I'm on a little programming journey right now that's taken me to some surprising places.

Where I started: I need to make some sound effects and music for my current game project.

Where I am today: Reading about why I should be calling pselect() instead of select() to sleep my event loop if I'm interrupting it with a signal handler, and implementing some extensions to my API for thread synchronization.

How I got from A to B:

• For a project I made several years ago, I used a port of sfxr made by a friend of mine, which only runs on Mac OS. I saved the parameter files from each effect so I could reimport and modify them in the same tool, and exported the result as Ogg Vorbis so I could load and play it in the game. So far so good.

• On my next project, the tool written by my friend didn't work as well anymore due to operating system updates breaking things. sfxr also had a lot of limitations. I switched to bfxr, which has a few more synthesis parameters and worked a little bit better overall, and kept doing pretty much the same thing.

• For unrelated reasons, I switched to Linux as my primary operating system, making it very inconvenient to have a Mac-only program anywhere in my workflow. Even if I was OK with getting out my old Mac in any event where I needed to re-export my sfxr audio files, there was the looming threat of losing access to the tool due to events outside my control, or at least having it become so inconvenient as to be impractical. I had similar longevity concerns about bfxr, and both tools had some data integrity problems causing me to lose some of my work. Not great.

• Conveniently, sfxr and bfxr are both open source, so I was able to take their audio synthesis functions and combine them together into a single utility program of my own making (porting the relevant parts of bfxr from ActionScript to C in the process), which builds and runs in all the same places as the games that use its output.

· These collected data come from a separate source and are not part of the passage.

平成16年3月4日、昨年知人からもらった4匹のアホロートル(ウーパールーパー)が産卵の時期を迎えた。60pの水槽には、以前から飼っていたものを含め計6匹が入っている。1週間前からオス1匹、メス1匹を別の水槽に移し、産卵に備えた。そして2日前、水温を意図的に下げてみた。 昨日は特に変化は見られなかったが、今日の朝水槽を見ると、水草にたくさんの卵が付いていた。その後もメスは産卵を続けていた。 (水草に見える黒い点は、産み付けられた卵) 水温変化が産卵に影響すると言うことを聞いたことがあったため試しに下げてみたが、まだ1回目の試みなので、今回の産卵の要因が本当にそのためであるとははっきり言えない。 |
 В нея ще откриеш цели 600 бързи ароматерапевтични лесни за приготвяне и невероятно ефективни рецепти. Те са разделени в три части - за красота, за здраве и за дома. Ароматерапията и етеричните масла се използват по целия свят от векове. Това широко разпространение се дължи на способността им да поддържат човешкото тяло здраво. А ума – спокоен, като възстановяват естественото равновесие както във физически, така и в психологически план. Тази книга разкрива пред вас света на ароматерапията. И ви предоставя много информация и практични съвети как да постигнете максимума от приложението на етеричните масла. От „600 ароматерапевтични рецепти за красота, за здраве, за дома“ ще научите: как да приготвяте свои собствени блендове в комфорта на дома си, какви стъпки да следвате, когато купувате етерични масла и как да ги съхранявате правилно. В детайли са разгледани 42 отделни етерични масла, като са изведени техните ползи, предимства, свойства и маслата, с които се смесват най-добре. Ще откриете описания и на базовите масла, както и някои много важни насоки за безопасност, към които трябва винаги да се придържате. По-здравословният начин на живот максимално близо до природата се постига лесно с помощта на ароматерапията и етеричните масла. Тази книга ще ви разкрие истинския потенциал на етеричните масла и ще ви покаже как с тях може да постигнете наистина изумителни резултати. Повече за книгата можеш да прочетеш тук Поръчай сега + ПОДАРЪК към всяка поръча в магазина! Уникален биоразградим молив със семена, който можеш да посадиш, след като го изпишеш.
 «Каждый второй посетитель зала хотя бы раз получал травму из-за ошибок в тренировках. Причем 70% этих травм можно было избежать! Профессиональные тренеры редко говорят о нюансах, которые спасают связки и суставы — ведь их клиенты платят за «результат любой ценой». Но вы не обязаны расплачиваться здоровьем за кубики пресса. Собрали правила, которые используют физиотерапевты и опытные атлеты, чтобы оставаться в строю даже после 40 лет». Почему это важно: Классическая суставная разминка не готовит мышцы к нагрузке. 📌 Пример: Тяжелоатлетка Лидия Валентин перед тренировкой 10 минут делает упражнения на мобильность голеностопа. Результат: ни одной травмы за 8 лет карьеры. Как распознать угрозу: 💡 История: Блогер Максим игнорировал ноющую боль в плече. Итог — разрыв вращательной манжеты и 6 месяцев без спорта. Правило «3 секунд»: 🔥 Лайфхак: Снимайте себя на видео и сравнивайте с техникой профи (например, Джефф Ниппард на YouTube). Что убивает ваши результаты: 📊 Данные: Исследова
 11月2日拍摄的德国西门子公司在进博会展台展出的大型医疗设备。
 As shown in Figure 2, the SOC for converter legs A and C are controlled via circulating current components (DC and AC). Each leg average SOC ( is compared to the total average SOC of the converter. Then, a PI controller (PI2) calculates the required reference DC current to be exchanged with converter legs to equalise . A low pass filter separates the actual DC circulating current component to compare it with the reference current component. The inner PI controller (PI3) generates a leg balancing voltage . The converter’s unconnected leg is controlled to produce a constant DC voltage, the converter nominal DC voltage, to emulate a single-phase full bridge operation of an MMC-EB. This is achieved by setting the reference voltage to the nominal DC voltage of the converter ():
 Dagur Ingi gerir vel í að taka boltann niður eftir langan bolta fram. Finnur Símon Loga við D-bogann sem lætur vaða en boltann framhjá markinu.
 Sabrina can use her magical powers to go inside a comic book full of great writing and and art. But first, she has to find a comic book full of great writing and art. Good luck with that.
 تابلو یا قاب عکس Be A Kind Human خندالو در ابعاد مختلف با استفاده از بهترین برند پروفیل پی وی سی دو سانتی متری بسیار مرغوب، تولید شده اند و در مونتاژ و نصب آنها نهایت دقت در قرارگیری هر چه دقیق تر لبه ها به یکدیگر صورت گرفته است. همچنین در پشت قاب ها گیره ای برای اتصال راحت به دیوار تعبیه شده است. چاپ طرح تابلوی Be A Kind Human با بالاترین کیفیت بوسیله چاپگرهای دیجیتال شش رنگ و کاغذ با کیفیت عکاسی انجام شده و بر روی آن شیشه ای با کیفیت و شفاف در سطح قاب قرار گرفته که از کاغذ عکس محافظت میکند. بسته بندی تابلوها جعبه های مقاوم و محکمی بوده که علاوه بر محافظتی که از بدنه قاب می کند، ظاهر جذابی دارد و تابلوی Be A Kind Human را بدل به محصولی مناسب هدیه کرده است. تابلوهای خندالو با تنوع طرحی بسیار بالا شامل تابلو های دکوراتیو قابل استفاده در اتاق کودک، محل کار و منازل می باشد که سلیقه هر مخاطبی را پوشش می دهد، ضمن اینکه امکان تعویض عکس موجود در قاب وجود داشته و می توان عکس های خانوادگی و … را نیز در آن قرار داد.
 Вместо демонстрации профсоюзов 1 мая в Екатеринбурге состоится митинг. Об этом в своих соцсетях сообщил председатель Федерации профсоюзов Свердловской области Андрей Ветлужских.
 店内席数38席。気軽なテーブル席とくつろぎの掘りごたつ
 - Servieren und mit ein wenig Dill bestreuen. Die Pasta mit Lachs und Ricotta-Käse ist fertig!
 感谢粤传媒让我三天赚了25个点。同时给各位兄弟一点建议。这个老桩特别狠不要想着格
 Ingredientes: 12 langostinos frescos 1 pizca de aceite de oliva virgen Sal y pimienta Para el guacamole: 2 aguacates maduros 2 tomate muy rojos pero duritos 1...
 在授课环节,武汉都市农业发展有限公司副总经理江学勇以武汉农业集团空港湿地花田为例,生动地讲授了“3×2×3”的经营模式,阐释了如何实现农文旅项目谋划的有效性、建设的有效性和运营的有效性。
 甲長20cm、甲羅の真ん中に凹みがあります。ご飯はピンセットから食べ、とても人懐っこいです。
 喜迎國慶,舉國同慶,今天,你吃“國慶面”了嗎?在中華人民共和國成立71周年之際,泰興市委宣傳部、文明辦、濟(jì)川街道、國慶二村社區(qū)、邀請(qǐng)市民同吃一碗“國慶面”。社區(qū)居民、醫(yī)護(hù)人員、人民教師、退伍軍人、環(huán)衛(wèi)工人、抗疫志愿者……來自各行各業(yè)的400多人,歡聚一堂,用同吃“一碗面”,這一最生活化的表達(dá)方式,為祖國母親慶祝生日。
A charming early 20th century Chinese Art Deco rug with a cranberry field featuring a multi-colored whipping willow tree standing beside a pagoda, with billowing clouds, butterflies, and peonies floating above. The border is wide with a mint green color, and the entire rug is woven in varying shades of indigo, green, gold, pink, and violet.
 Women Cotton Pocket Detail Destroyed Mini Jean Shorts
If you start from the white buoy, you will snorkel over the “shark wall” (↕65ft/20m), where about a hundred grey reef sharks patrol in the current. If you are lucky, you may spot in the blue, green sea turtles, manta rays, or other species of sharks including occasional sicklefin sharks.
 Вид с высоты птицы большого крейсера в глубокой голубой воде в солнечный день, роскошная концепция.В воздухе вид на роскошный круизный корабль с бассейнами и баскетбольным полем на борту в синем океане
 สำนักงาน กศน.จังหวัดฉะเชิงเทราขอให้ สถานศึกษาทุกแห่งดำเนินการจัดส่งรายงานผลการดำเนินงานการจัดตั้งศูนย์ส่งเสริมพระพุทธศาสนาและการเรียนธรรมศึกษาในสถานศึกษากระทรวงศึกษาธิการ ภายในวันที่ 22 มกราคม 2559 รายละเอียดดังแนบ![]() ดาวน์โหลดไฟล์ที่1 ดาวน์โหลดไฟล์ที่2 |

Longevity problem solved, and any remaining data integrity problems could only be of my own making.

• Now that I have full control of my audio synthesis, I can start extending its capability to fit my needs that weren't fulfilled by sfxr and bfxr. I implemented a music sequencer in the tool which can use synthesized sounds as its instruments and composite them into a full song.

• While editing the synthesizer parameters of an instrument, I had the thought that it would be nice if I could update my waveform view live so I could see exactly what was happening to the output while dragging sliders. Resynthesizing the sample while dragging worked OK in some places, but the performance wasn't sufficient for longer ones to be done in real time. OK, I guess I need to spin synthesis off into a secondary thread so that the UI can keep updating while it works on the ones that take a bit too long. I'll signal to the synth thread that there's work to do when a parameter change is made, and then display its result whenever it signals back to me that it's done.

• Signaling to the thread is relatively straightforward - when I spawn it, it immediately blocks on a semaphore which I can post to whenever I want to request that it run the synthesis function. Once it's done with its work, however, I realized I didn't have a good mechanism for waking up the main thread with the notification that the waveform can be redisplayed. I added a new API function to my thread abstraction library to queue up a callback to be invoked from the main thread when it returns to the main event loop.

• This function need a platform-specific implementation for each system my framework supports, so I went off to write the Linux version of it first. The way my run loop works right now is that if there are no events pending or timers running, it sleeps until something it needs to know about happens. This was done with a call to select() on the socket used by X11 for event handling. A quick web search warned me away from trying to just post an XEvent from a secondary thread, so I needed a different communication mechanism that would be thread-safe.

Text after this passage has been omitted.